Analysis of metal-oxide-based charge generation layers used in stacked organic light-emitting diodes

We study electron and hole injection in MoO3 charge generation layers (CGLs) commonly used for establishing balanced injection in multilayer stacked organic light-emitting diodes (SOLEDs). A compound CGL consisting of 100-A degrees-thick MoO3 and Li-doped 4,7-diphenyl-1,10-phenanthroline in a 1:1 molar ratio is demonstrated to have a high electron generation efficiency. Charge injection from the compound CGL is modeled based on a two-step process consisting of tunneling-assisted thermionic emission over an injection barrier of (1.2 +/- 0.2) eV and a trap level due to oxygen vacancies at (0.06 +/- 0.01) eV above the MoO3 valence band edge.

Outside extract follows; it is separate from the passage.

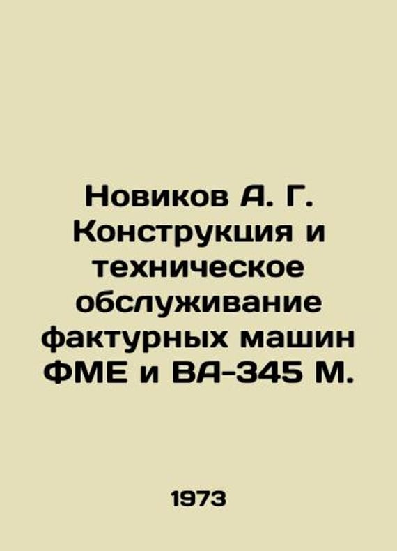 Novikov A. G. Design and maintenance of FME and VA-345 M invoicing machine In Russian /Novikov A. G. Konstruktsiya i tekhnicheskoe obsluzhivanie fakturnykh mashin FME i VA-345 M. Moscow. Statistics. 1973. We have thousands of titles and often several copies of each title may be available. Please feel free to contact us for a detailed description of the copies available. SKUalb05bba061913bd952.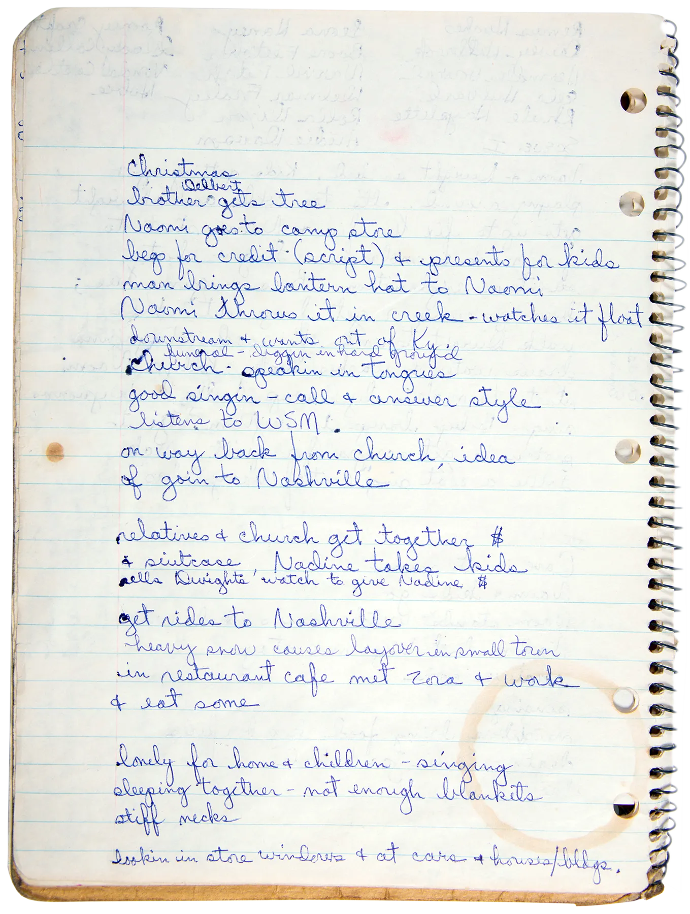 This handwritten notebook page shows Naomi in the midst of a creative brainstorm. Rather than a polished draft, it captures her gathering a stream of potent images, memories, and symbols: a Christmas tree, campfires, church sing-alongs, long nights without enough blankets, store windows glimpsed with longing. Some fragments read like autobiography, others like scenes waiting to become lyrics or stage imagery. Together, they show Naomi’s instinct for drawing from lived experience and transforming it into art, whether through music, storytelling, or visual ideas.

Peak external quantum efficiencies (EQEs) of (10.5 +/- 0.2)%, (10.1 +/- 0.2)%, (8.6 +/- 0.2)%, and (8.9 +/- 0.2)% are obtained for tris-(phenylpyridine)iridium-based electrophosphorescent OLEDs with indium tin oxide (ITO) anode/CGL cathode, CGL anode/CGL cathode, CGL anode/Al cathode, and ITO anode/Al cathode contacts, respectively. Based on our analysis, a three-element green emitting electrophosphorescent SOLED is demonstrated with a peak forward-viewing EQE=(24.3 +/- 1.0)% and a power efficiency of (19 +/- 1) lm/W.